Zahl der vollgeimpften Covid-Patienten steigt

Vor einigen Wochen beruhigte Gesundheitsminister Jens Spahn die Geimpften, indem er erklärte, 95 Prozent aller Corona-Patienten auf Intensivstation seien ungeimpft.

Die nüchterne Wirklichkeit sieht anders aus:

Zu den Daten der doppelt-geimpften und corona-infizierten Personen über 60 Jahren: ihr Anteil auf Intensivstationen liegt laut neuesten RKI-Zahlen bei 24,1 Prozent.
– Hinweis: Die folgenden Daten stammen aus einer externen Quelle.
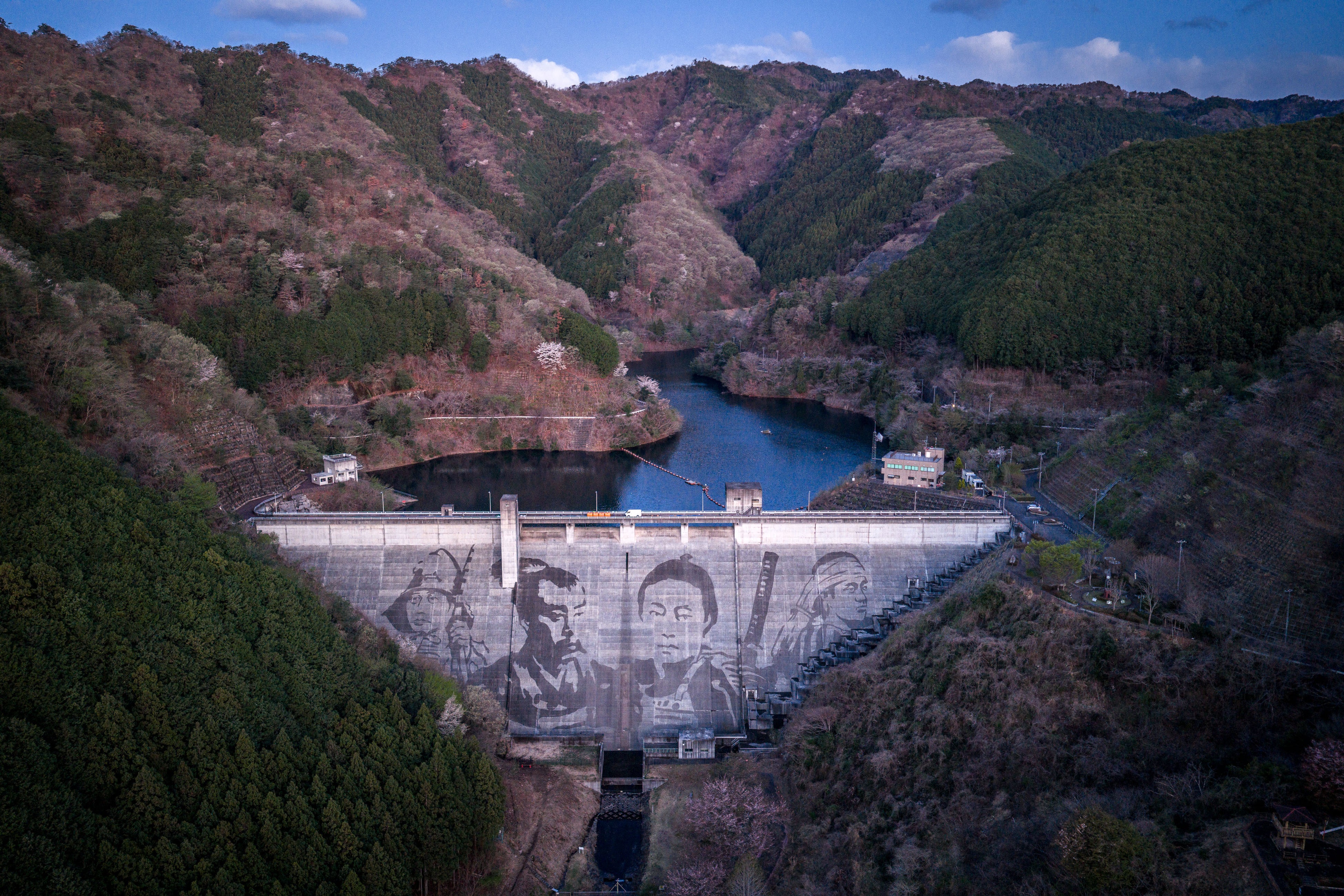 今年30周年を迎えた松田川ダムをキャンバスに描く巨大な『侍』の洗浄ダムアートがついに完成!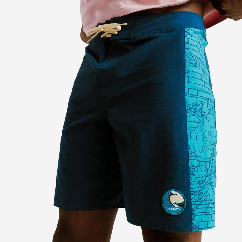 Portez ce short de bain inspiré des 4 nouveaux sports des Jeux Olympiques de Paris 2024 : breaking, skateboard, surf et escalade.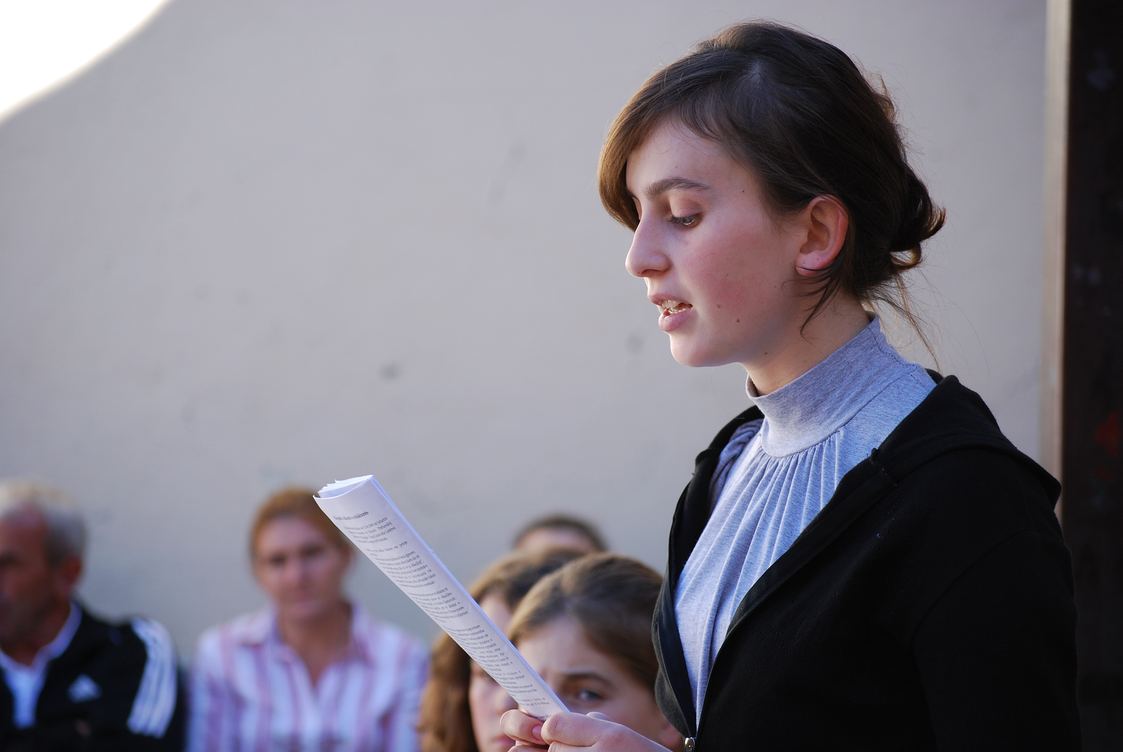 Liridona Mehmetaj, a student at the Rexhep Kadrijaj primary school in Rastavice/Rastavica village, reads her poem at the presentation of the anthology of poems 'Shpresa' (Hope), Junik, Kosovo, 3 November 2008.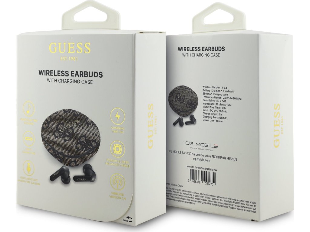Bezdrátová Sluchátka Guess PU 4G Script Logo ENC TWS Objevte svět neomezené svobody a špičkového zvuku s bezdrátovými sluchátky Guess. Tato moderní sluchátka kombinují stylový design s pokročilou technologií, což je činí ideálními pro každodenní používání, ať už při sportu, cestování nebo práci. Bezdrátová sluchátka Guess jsou perfektní volbou pro ty, kteří hledají kombinaci stylu, komfortu a vynikajícího zvuku. Vyberte si sluchátka Guess a užijte si hudbu i hovory bez kompromisů, kdekoliv a kdykoliv. Klíčové vlastnosti: • Prémiová kvalita zvuku: Vychutnejte si bohatý a vyvážený zvuk s hlubokými basy a čistými výškami. Díky pokročilým měničům vám sluchátka Guess poskytnou dokonalý poslechový zážitek. • Ergonomický design: Sluchátka jsou navržena tak, aby pohodlně seděla v uších po celý den. Lehká konstrukce a ergonomický tvar zajišťují komfort i při dlouhodobém nošení. • Bezdrátová svoboda: Užijte si svobodu pohybu bez kabelů. Sluchátka využívají technologii Bluetooth 5.4, která zajišťuje stabilní a rychlé připojení ke všem vašim zařízením, a to s dosahem až 10 metrů • Dlouhá výdrž baterie: Sluchátka Guess vám spolu s nabíjecím pouzdrem poskytují až 16 hodin přehrávání hudby a až 180 dní v pohotovostním režimu. • Stylové nabíjecí pouzdro: Elegantní nabíjecí pouzdro s logem Guess nejen chrání sluchátka, ale také je udržuje plně nabitá. Pouzdro je kompaktní a snadno se vejde do kapsy nebo tašky. • Integrovaný mikrofon a ovládání: Vestavěný mikrofon umožňuje snadné přijímání hovorů bez nutnosti sundávat sluchátka. Ovládací prvky na sluchátkách umožňují snadné přepínání mezi skladbami, upravování hlasitosti a přijímat hovory. • Technologie ENC: ENC se zaměřuje na vyčištění vašeho hlasu během hovoru tím, že odstraňuje hluky ve vašem okolí. Technické specifikace: • Typ připojení: Bluetooth 5.4 • Dosah: Až 10 metrů • Kapacita baterie (sluchátko): 30mAh • Kapacita baterie (nabíjecí pouzdro): 250mAh • Celková doba přehráváni: až 16 hodin • Doba nabíjení: cca 1,5 hodiny • Nabíjecí port: USB-C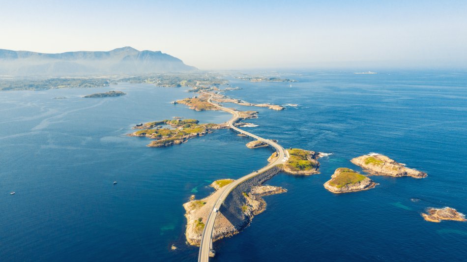 Sie reisen nach Molde, die„Stadt der Rosen“. Anschließend fahren Sie über die schönste Panoramastraße Norwegens, die Atlantikstraße, bis nach Kristiansund.

Der Anteil der geimpften Corona-Infizierten, die klinisch behandelt werden mussten, liegt bei 39,5 Prozent, bei den allgemein Covid-Erkrankten sogar bei 55,4 Prozent.

Noch bedenklicher sind die Zahlen bei den Corona-Toten, von denen jeder dritte voll-geimpft ist, obwohl in der Öffentlichkeit ständig behauptet wurde, die Gen-Spritze schütze vor „schweren Verläufen“ – und erst recht vor tödlichen.

So heißt es noch in einem FOCUS-Bericht vom 19. Oktober 2021 (ausgerechnet unter dem Titel „Geimpft und trotzdem gestorben“, gemeint ist der ehem. US-Außenminister Powell) wortwörtlich: „Denn die Impfstoffe schützen vor allem vor schweren und tödlichen Verläufen, nicht unbedingt vor der Infektion selbst.“

Die BILD-Zeitung schrieb bereits vor einer Woche:

Der Anteil geimpfter Menschen, die mit Corona auf einer Intensivstation liegen, stieg in den letzten Wochen sprunghaft an. Das RKI vermeldete hier in den letzten Wochen 144 Todesfälle nach wahrscheinlichen Impfdurchbrüchen. Das heiß, rund ein Drittel aller Corona-Toten bei den über 60-Jährigen war geimpft!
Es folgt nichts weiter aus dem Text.